August 15, 2005
Journal Article

Pore Shape Evolution in Mesoporous Silica Thin Films: from Circular to Elliptical to Rectangular

Abstract

The synthetically tailored morphologies of mesoporous silica thin films are important for applications to sensing, separations, and catalysis. Sol-gel methods using surfactant templates can produce a variety of mesoporous phases, including one composed of long cylindrical micelles aligned parallel to the substrate. This hexagonal phase is particularly useful for analysis of the thin film stresses that produce the circular-elliptical-rectangular micelle shape evolution as the film dries. A simple linear elastic model employing an effective medium concept is proposed to describe this shape evolution using a minimal set of parameters: mesopore aspect ratios are predicted from the film’s known Poisson ratio and its measured thickness strain. The model may be of general utility for guiding the structural design of thin film mesoporous materials.
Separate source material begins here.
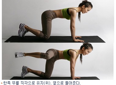 -엉덩이 옆쪽이 수축되도록 하여, 잠깐 멈추었다가 천천히 준비 자세로 돌아간다.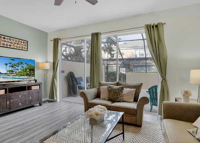 Die Villa in Orlando liegt im Stadtviertel Celebration von Orlando, in etwa 4 km Entfernung vom Blizzard Beach. Diese Villa liegt in ungefähr 10 Autominuten Entfernung von Naturattraktionen wie dem Disney's Animal Kingdom Freizeitpark. Mystic Dunes Golfplatz ist auf jeden Fall einen Besuch wert und liegt rund 500 Meter von hier entfernt.

Additional analysis reveals that the material fails when the internal stress system departs significantly from the plane stress condition. This occurs for severe gel shrinkage when the micelle shape exceeds its maximum aspect ratio, defined by conservation of volume and the geometric constraints of adjacent micelles. Localized stresses associated with micelle pressurization cause failure of the small silica ligaments between micelle ends, thus limiting the range of mesopore aspect ratios attainable for the structural tailoring of these materials.

Revised: November 4, 2005 | Published: August 15, 2005

Citation

Williford R.E., R.S. Addleman, X.S. Li, T.S. Zemanian, J.C. Birnbaum, and G.E. Fryxell. 2005. Pore Shape Evolution in Mesoporous Silica Thin Films: from Circular to Elliptical to Rectangular. Journal of Non-crystalline Solids 351, no. 27-29:2217-2223. PNNL-SA-41313.